[Supplied information Boundary: Start]

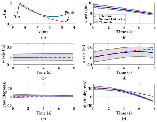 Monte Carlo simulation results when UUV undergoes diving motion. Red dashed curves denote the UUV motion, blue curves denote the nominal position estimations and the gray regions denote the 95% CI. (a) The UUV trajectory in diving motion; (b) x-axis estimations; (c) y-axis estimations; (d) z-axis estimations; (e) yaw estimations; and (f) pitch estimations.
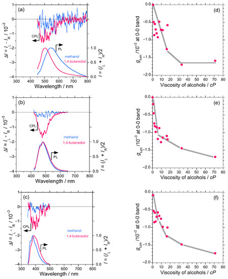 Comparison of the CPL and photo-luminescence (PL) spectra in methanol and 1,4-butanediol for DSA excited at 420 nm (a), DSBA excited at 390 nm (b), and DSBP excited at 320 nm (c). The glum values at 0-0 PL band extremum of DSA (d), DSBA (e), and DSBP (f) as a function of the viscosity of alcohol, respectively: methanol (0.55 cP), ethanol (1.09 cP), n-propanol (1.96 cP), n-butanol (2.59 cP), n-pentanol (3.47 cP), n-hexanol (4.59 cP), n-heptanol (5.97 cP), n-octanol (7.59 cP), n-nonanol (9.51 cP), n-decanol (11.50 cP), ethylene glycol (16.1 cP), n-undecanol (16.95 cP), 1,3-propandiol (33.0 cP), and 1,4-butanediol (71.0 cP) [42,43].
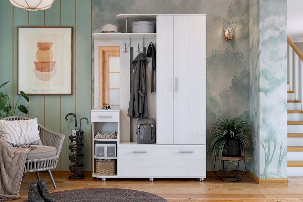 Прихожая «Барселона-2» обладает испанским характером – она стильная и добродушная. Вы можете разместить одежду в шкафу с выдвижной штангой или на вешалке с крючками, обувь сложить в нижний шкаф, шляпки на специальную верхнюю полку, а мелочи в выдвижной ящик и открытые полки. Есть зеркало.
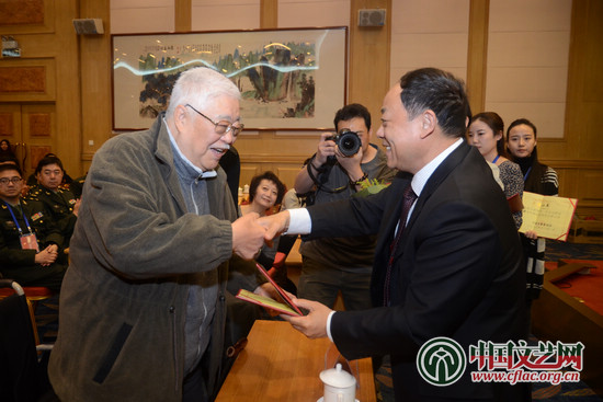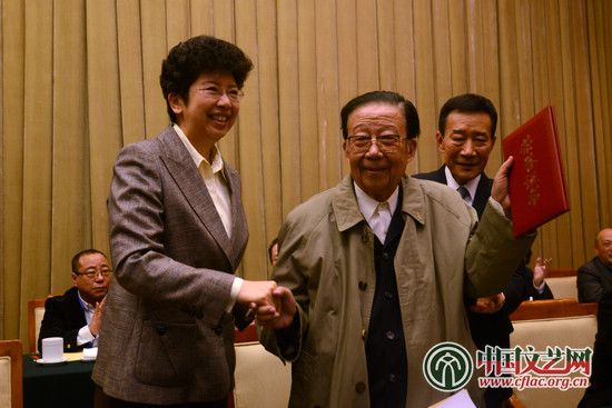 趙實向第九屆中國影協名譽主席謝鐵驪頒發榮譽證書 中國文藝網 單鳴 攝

[Supplied information Boundary: End]

Exercise prompt:
Set the listing above down again exactly, leaving pictures out.

Reply:
 Monte Carlo simulation results when UUV undergoes diving motion. Red dashed curves denote the UUV motion, blue curves denote the nominal position estimations and the gray regions denote the 95% CI. (a) The UUV trajectory in diving motion; (b) x-axis estimations; (c) y-axis estimations; (d) z-axis estimations; (e) yaw estimations; and (f) pitch estimations.
 Comparison of the CPL and photo-luminescence (PL) spectra in methanol and 1,4-butanediol for DSA excited at 420 nm (a), DSBA excited at 390 nm (b), and DSBP excited at 320 nm (c). The glum values at 0-0 PL band extremum of DSA (d), DSBA (e), and DSBP (f) as a function of the viscosity of alcohol, respectively: methanol (0.55 cP), ethanol (1.09 cP), n-propanol (1.96 cP), n-butanol (2.59 cP), n-pentanol (3.47 cP), n-hexanol (4.59 cP), n-heptanol (5.97 cP), n-octanol (7.59 cP), n-nonanol (9.51 cP), n-decanol (11.50 cP), ethylene glycol (16.1 cP), n-undecanol (16.95 cP), 1,3-propandiol (33.0 cP), and 1,4-butanediol (71.0 cP) [42,43].
 Прихожая «Барселона-2» обладает испанским характером – она стильная и добродушная. Вы можете разместить одежду в шкафу с выдвижной штангой или на вешалке с крючками, обувь сложить в нижний шкаф, шляпки на специальную верхнюю полку, а мелочи в выдвижной ящик и открытые полки. Есть зеркало.
 趙實向第九屆中國影協名譽主席謝鐵驪頒發榮譽證書 中國文藝網 單鳴 攝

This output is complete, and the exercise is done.